GIVEN MATERIAL —
******
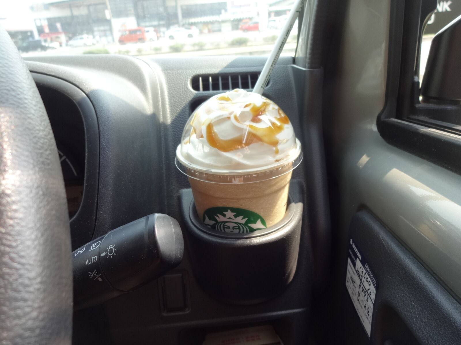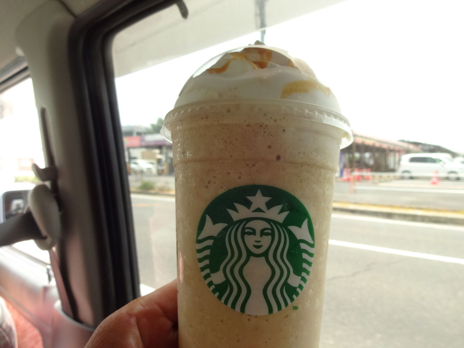 もう一回スタバ「キャラメルフラペチーノホイップ多めグランデサイズ」。
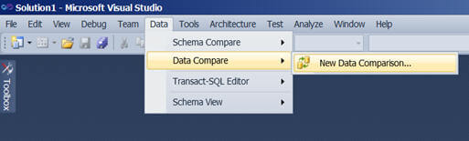 Problem Solution Microsoft Visual Studio Database edition offers several features for database development, for example you can create a database project which is nothing but an offline representation of a database for database development and version control, Database Unit Testing, Code Analysis, Schema Comparison, Data Comparison etc. In this demonstration I am going to show how Data Comparison works on Visual Studio 2010 Ultimate edition although you can do the same with Visual Studio 2005/2008 Database edition too. Open the Microsoft Visual Studio IDE (Integrated Development Studio) and you will see a "Data" menu in the menu bar depending on the Microsoft Visual Studio edition you have installed (for more details click here). Select Data Compare under Data menu and then New Data Comparison as shown below.
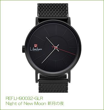 新月(New moon)の夜、空には月の光は無く景色さえも見えない漆黒の闇へと化します。物音すらしない静寂な夜をイメージしてカラー名を『Night of new moon』(新月の夜)としました。またその光景をイメージしてカラーはリベンハムでは初となるALLマット・ブラックを採用。オリジナルカラーのブラック(夜の暗闇)でも夜の光景は表現されていましたが、より漆黒の暗闇をリアルに表現するためにダイヤルはもちろん、ケース、インデックス、ケースサイドロゴ、さらにはメッシュストラップまでもマット・ブラック(PVD加工)にして『Night of new moon』を表現しました。
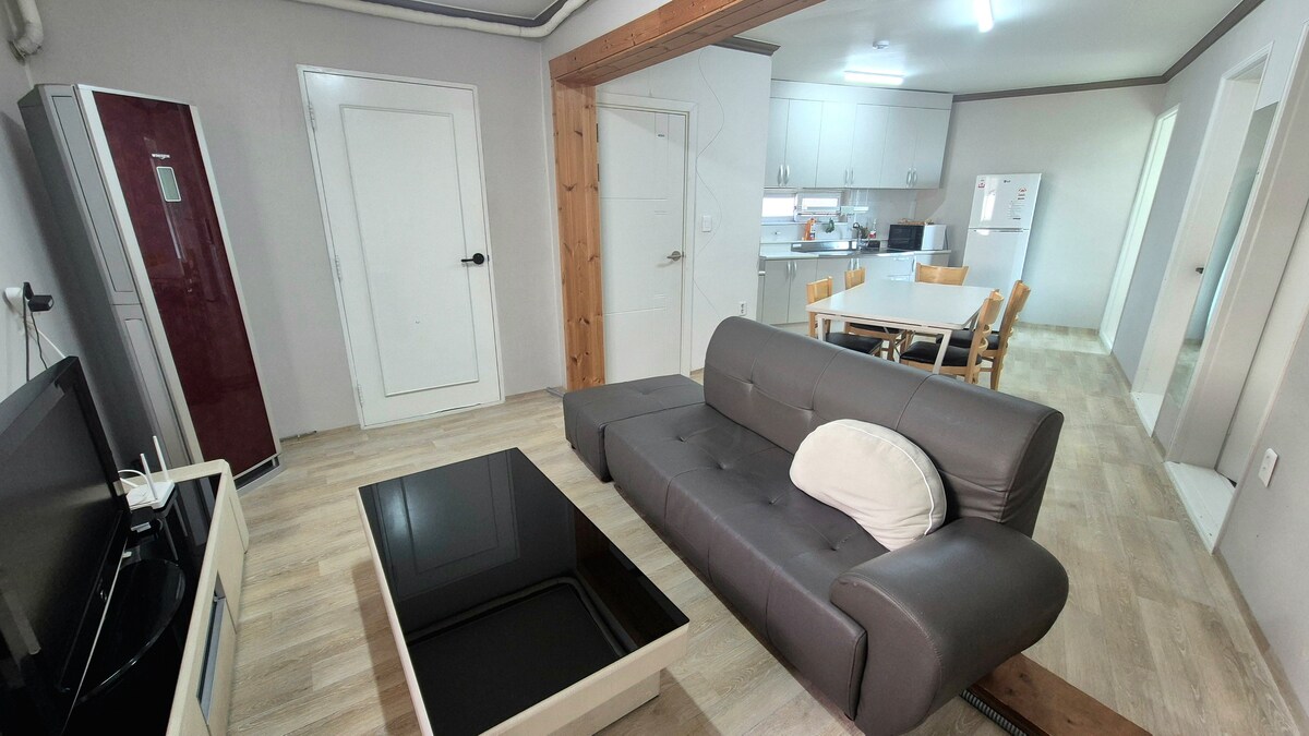 它毗鄰Yeongil大學海灘,從Yeongil大學步行3至5分鐘,從Yeongil大學步行5分鐘,步行15分鐘即可抵達Hwangho Park Space Walk。 它位於三層建築的第一層。 有大房間、小房間、前門、廚房、客廳、浴室、前門廊和後門廊。 步行1-2分鐘即可抵達許多便利店、餐廳、酒吧和汽車旅館。 這是自助入住。
******
TASK PROMPT — Exact copy, pictures removed: set down the whole listing above.

ANSWER TO THIS EXERCISE —
 もう一回スタバ「キャラメルフラペチーノホイップ多めグランデサイズ」。
 Problem Solution Microsoft Visual Studio Database edition offers several features for database development, for example you can create a database project which is nothing but an offline representation of a database for database development and version control, Database Unit Testing, Code Analysis, Schema Comparison, Data Comparison etc. In this demonstration I am going to show how Data Comparison works on Visual Studio 2010 Ultimate edition although you can do the same with Visual Studio 2005/2008 Database edition too. Open the Microsoft Visual Studio IDE (Integrated Development Studio) and you will see a "Data" menu in the menu bar depending on the Microsoft Visual Studio edition you have installed (for more details click here). Select Data Compare under Data menu and then New Data Comparison as shown below.
 新月(New moon)の夜、空には月の光は無く景色さえも見えない漆黒の闇へと化します。物音すらしない静寂な夜をイメージしてカラー名を『Night of new moon』(新月の夜)としました。またその光景をイメージしてカラーはリベンハムでは初となるALLマット・ブラックを採用。オリジナルカラーのブラック(夜の暗闇)でも夜の光景は表現されていましたが、より漆黒の暗闇をリアルに表現するためにダイヤルはもちろん、ケース、インデックス、ケースサイドロゴ、さらにはメッシュストラップまでもマット・ブラック(PVD加工)にして『Night of new moon』を表現しました。
 它毗鄰Yeongil大學海灘,從Yeongil大學步行3至5分鐘,從Yeongil大學步行5分鐘,步行15分鐘即可抵達Hwangho Park Space Walk。 它位於三層建築的第一層。 有大房間、小房間、前門、廚房、客廳、浴室、前門廊和後門廊。 步行1-2分鐘即可抵達許多便利店、餐廳、酒吧和汽車旅館。 這是自助入住。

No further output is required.